Hmmm.... ok, so maybe I'm confused, but wouldn't 1..5 tick away queues
require a total of 15 queues? Or for 1..5000, 12.5 million? (The
every-tick queue, the every-other-tick queue that started at t0, the
every-other-tick queue that started at t0+1) And how to you keep track
of which 5 queues to look at each tick?
I guess it's not so bad, as long as you don't have too many ticks away
(total #queues is n(n+1)/2). And management is fairly easy. Put the
queues in a 2-d array and run q[1][0], q[2][tick%2], q[3][tick%3], ...

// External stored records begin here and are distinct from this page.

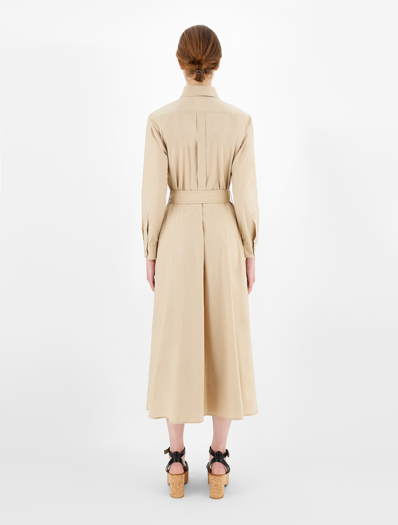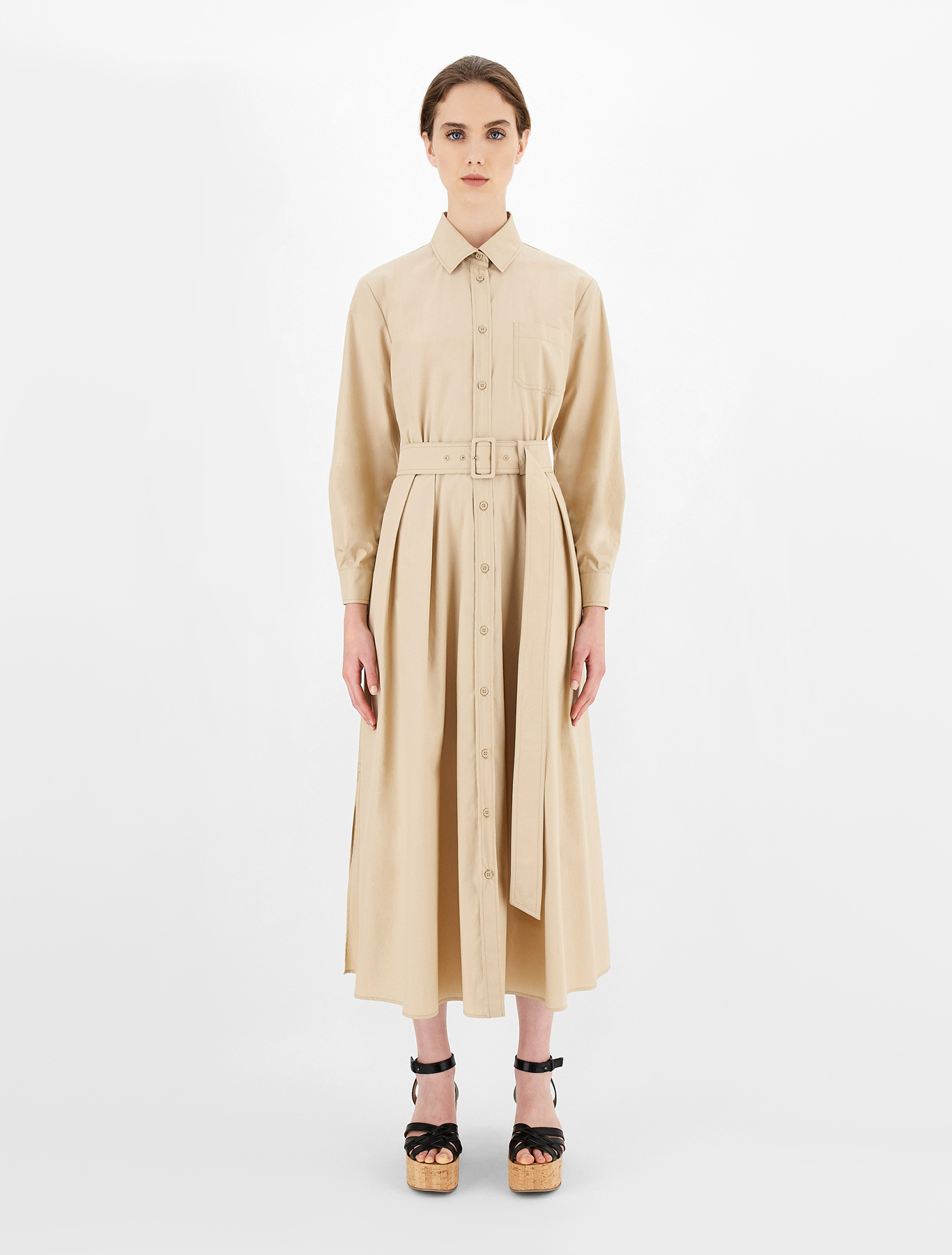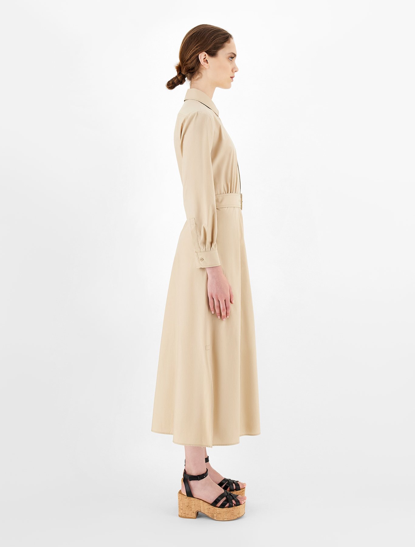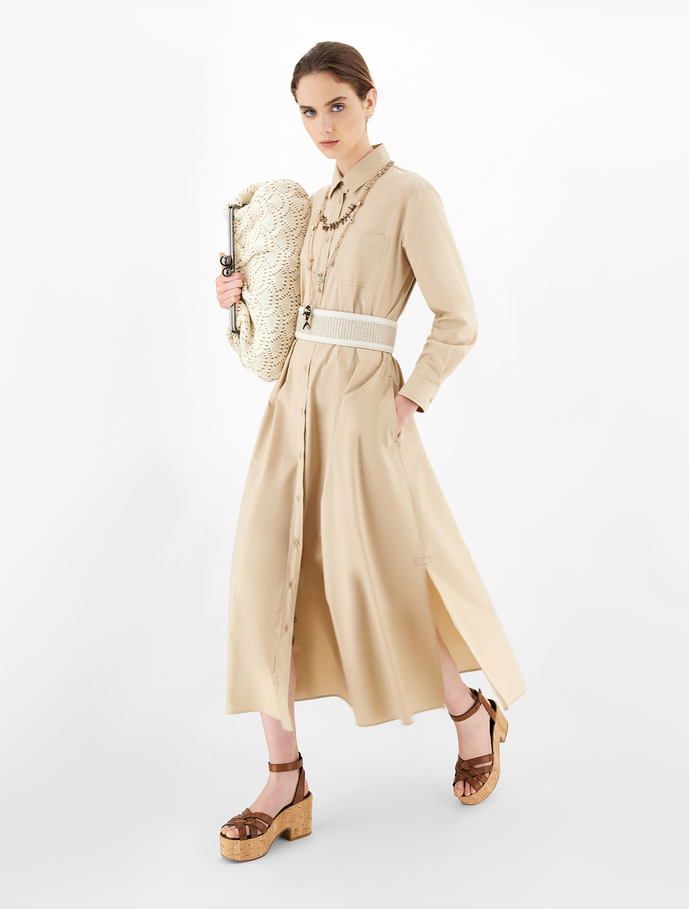 Довга сукня прямого крою, виготовлена з шовкового крепу, з вирізом човником, короткими рукавами і широкими бічними розрізами по подолу. Капляста застібка на маленький гудзик ззаду.
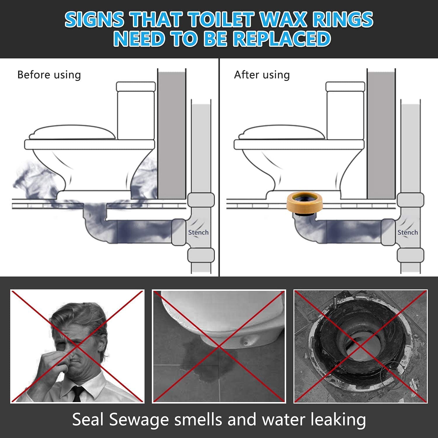 PREVENT LEAKS & ODORS: Forms a gas, odor and water tight seal between toilet bowl and waste line
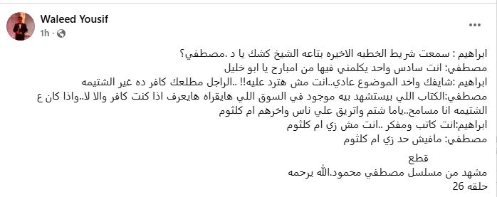 نشر السيناريست وليد يوسف مشهد من مسلسل “مصطفى محمود” الذي يروي السيرة الذاتية للدكتور مصطفى محمود ، والذي قام وليد بكتابته منذ عدة سنوات ، وذلك على صفحته بموقع التواصل الاجتماعي “فيسبوك” .
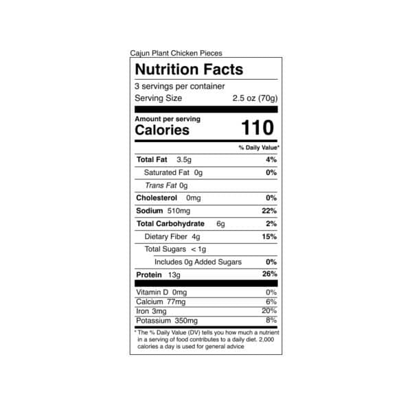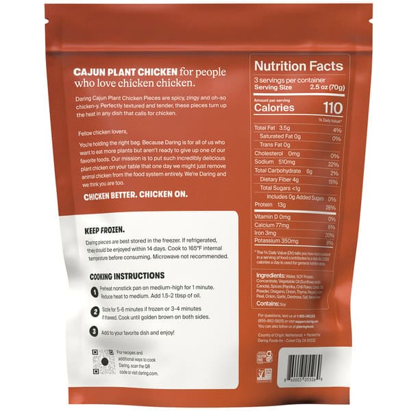Daring Cajun Plant Chicken Pieces are savory, juicy, and remarkably chicken-y. Made from a short list of simple ingredients, they cook in just 4 to 5 minutes (thawed) or 5 to 6 minutes (frozen). And with perfect texture and endless versatility, they work in just about any dish that calls for chicken. Not to mention, they’re non-GMO, gluten-free, with 13g of protein per serving.

> > In some sense, I would like to keep things simpler for now - at
> > current time it doesn't seem to be stuff like the object traversal
> > being a limiting time factor/causing slowness on the server, but
> > other tasks like map loading/saving.
>
> Very true. I don't have any clever ideas, there. As long as people
> are running the server off NFS, there will be problems with loading
> times, no matter what optimisation we come up with. Well, actually
> one very simple approach is to stop saving to disk and rely on the OS'
> paging/swapping instead. If nothing else, this saves spending CPU on
> converting object data to/from ASCII.
If you're talking about multithreading, then you might as well combine
the two -- never save a map, just tell a thread to go save it. Then be
sure to not throw it out of memory until the thread says it's done.
> > I know in one of my mail messages a while back following up on
> > David's idea of a more unified scale would be to only process
> > objects in the vincinity of the player (so if you had a 50x50 map
> > for example, only objects with 10 spaces of the player gets
> > processed).
>
> My hunch is that the code for this will be complex.
I don't think it would be horrendous, but you're right. Though I'd be
more worried about confusing map makers -- any fixed distance from a
player will cause weird fringe effects, particularly with a fancy
scripting language. As a map maker, I'd find it much easier to deal with
if I could specify areas where either everything or nothing is
guaranteed to be processed. And that looks a lot like the current notion
of a map. Well, maybe with an edge area that is processed whenever a
player is on an adjacent map, anyway.